その分、ただでさえ貴重なオフを削る事になりかねない。
「一人で頑張らなくていいんだよ、華」
「え?」
「あたし達はチームじゃない。……あと」
ジッと、華の顔を覗き込む沙織。
「言いにくいんでしょ、みぽりんに?」
「そ、そんな事は……」
「本当に?」
「…………」
「五十鈴殿は嘘が下手でありますな」
「だな。沙織程ではないが、顔に書いてあるぞ」
優花里と麻子に言われ、華は顔を赤くする。
「みんなで言えばわかってくれるよ。みぽりんだって分からず屋じゃないんだし」
「チームワークで戦う、西住殿の口癖ですよ!」
「で、どうするんだ五十鈴さん?」
「……全く。沙織さんがここまで押しが強いとは思いませんでした」
「恋愛でも、とにかく押して押して押しまくる! これが一番だもん」
「その割には成果が出ていませんけどね」
「あ~、華もひっどーい!」
「だが、五十鈴さんの言う通りだ」
「武部殿、白旗でありますな」
「もーっ! みんな揃って!」
華もつられて笑顔になった。
「あ、やっと笑いましたね。五十鈴殿」
「だな」
「あたしのネタでってのはちょっと納得行かないけど。でも、やっぱ華はそうやって笑っているのが一番かな?」
「皆さん……?」
「五十鈴殿、ずっと思い詰めた顔でしたから」
「……すみません。そんなに暗い顔でしたか?」
「ああ。

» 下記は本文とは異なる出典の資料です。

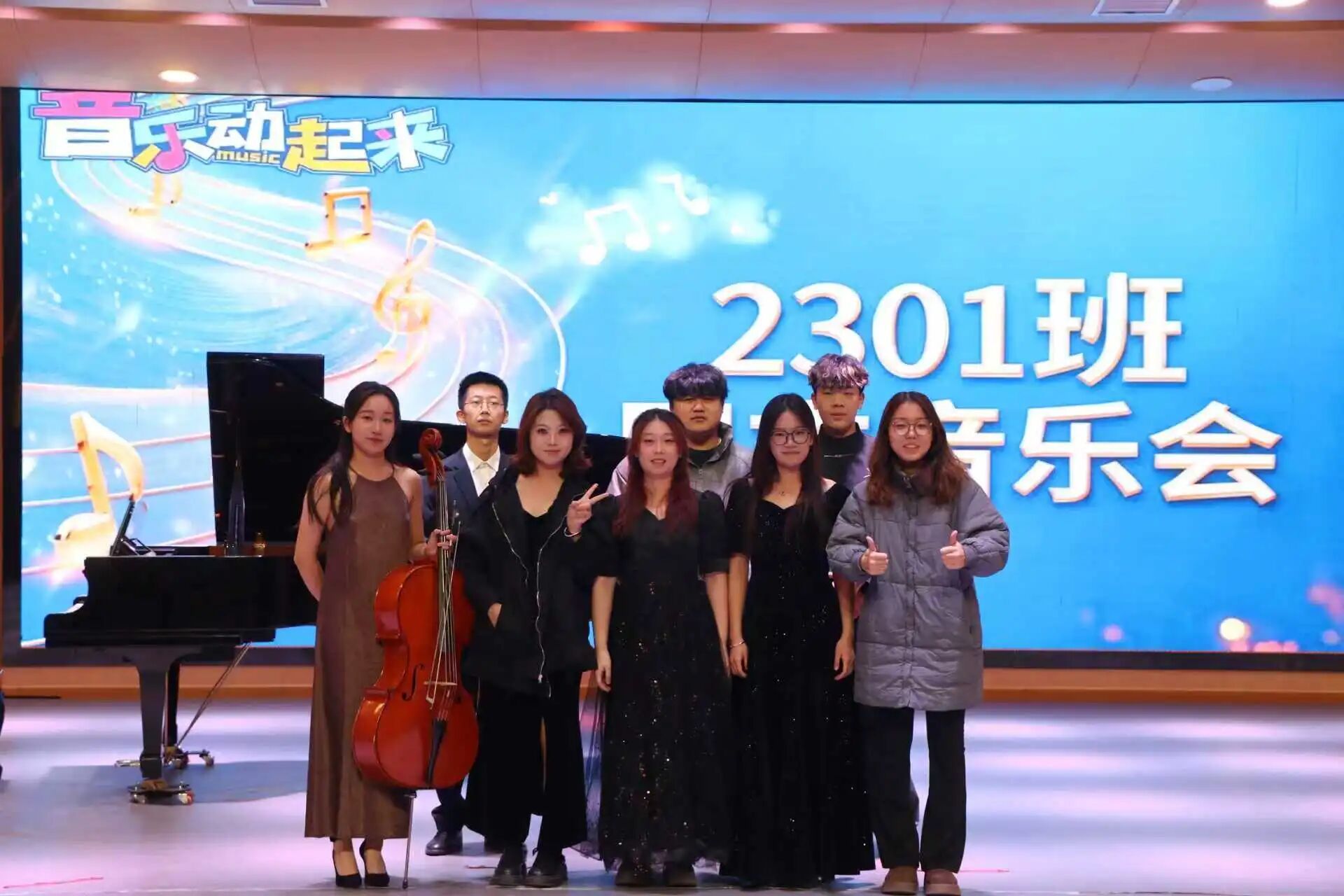 音乐会期间,同学们以流行、民谣等多元风格演绎《七里香》《水星记》等经典翻唱作品,还带来了钢琴、大提琴独奏及合奏表演;现场增设“点歌互动”环节,气氛轻松热烈,掌声与合唱声此起彼伏。

だが、もう心配なさそうだな」
そして、沙織が華に手を重ねた。
「一緒に頑張ろう、華?」
「沙織さん……わかりました。もう何も言いません、宜しくお願いしますね」
「華、おはよう!」
「五十鈴殿、おはようございます!」
その声に、華は回想から引き戻された。
正式に生徒会広報となった沙織、そして副会長の優花里。
「おはようございます」
「麻子、やっぱり起きなかった。まぁ、遅刻はしないと思うけど」
「冷泉殿の仕事は、昼からお願いするとしましょう」
「わかりました。……では、今日から頑張りましょう」
「そうそう、頑張ろうね会長!」
「了解であります!」
華は力強く頷くと、会長の椅子に座る。
そして、山と積まれた書類を一枚手に取った。